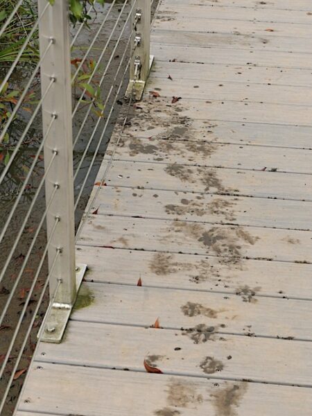 Lately there’s been a jumble of foot prints on the walkway due to low water and exposed mud. Each morning there’s a new set of very muddy tracks, multiple tracks, left behind by late night foraging animals. Foraging for tadpoles and juvenile frogs can be rewarding this time of year, especially with the water as low as it has been. The low water concentrates the tadpoles into ever shrinking pools of water, easy pickins.
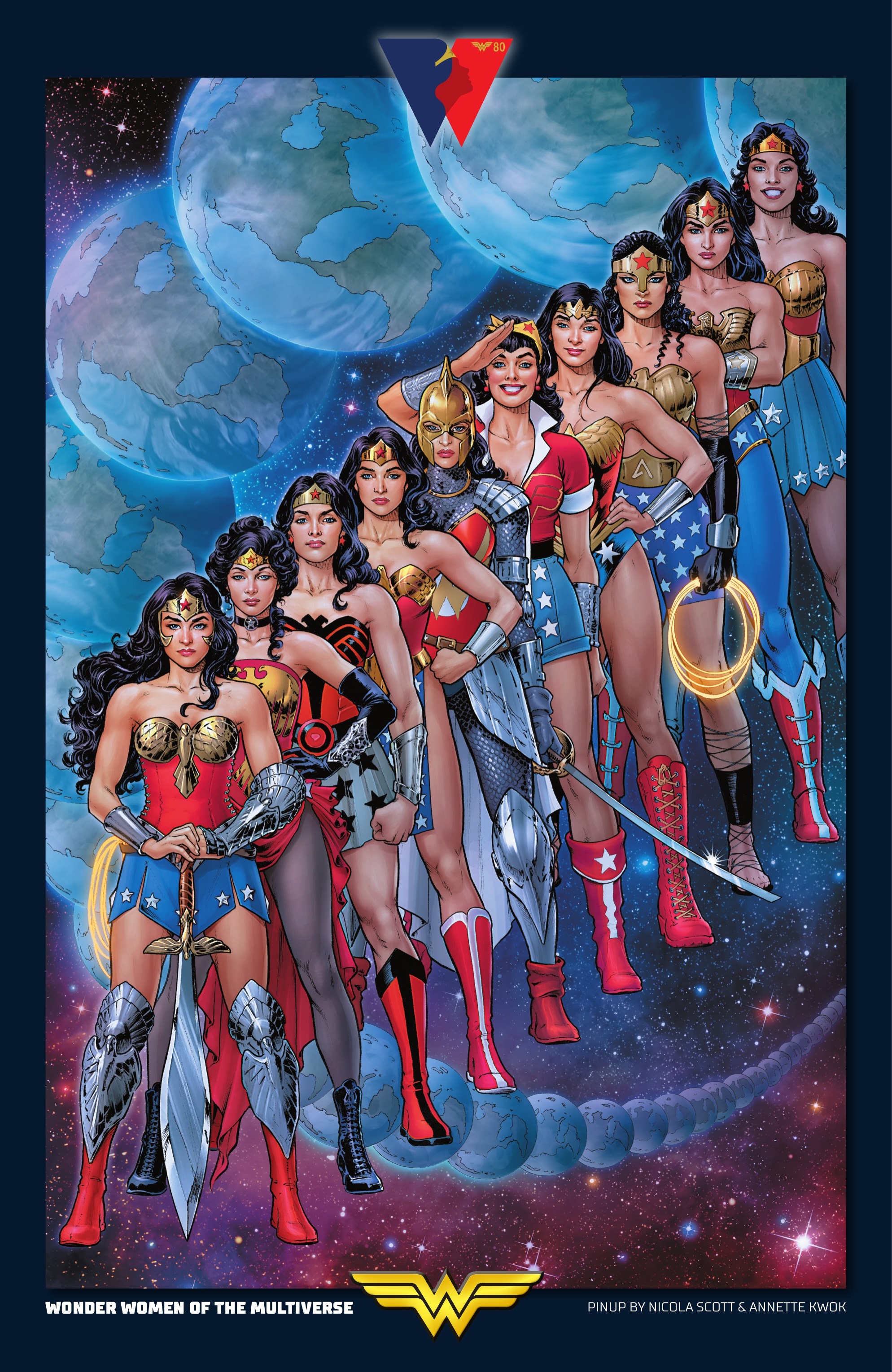 - The pin-up “Wonder Women of the Multiverse” includes Wonder Woman from the TDK Universe. (She is third from the right.)
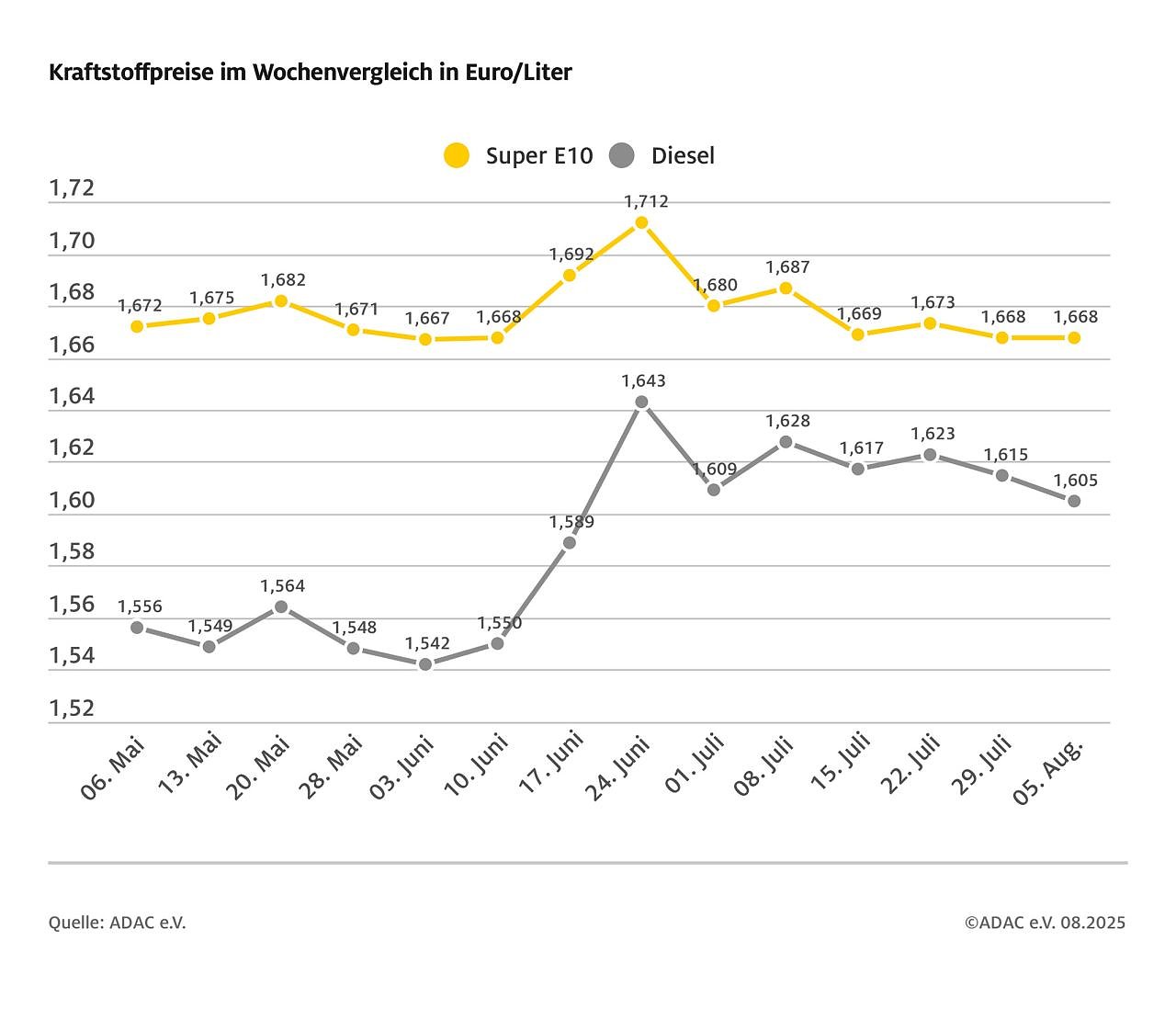 Unverändert ist hingegen der Benzinpreis: Ein Liter Super E10 kostet wie vor einer Woche 1,668 Euro. Deutlich gesunken ist im selben Zeitraum jedoch der Ölpreis. Lag Brent-Öl vor Wochenfrist noch bei einem Preis von über 72 US-Dollar je Barrel, rutschte er zuletzt um gut vier Dollar auf rund 68 US-Dollar ab.

───

What to work on
Beginning with the line that contains "- The pin-up", write out the remaining lines of the listing above through the last, exactly and only those, without pictures.

Response to the exercise
 - The pin-up “Wonder Women of the Multiverse” includes Wonder Woman from the TDK Universe. (She is third from the right.)
 Unverändert ist hingegen der Benzinpreis: Ein Liter Super E10 kostet wie vor einer Woche 1,668 Euro. Deutlich gesunken ist im selben Zeitraum jedoch der Ölpreis. Lag Brent-Öl vor Wochenfrist noch bei einem Preis von über 72 US-Dollar je Barrel, rutschte er zuletzt um gut vier Dollar auf rund 68 US-Dollar ab.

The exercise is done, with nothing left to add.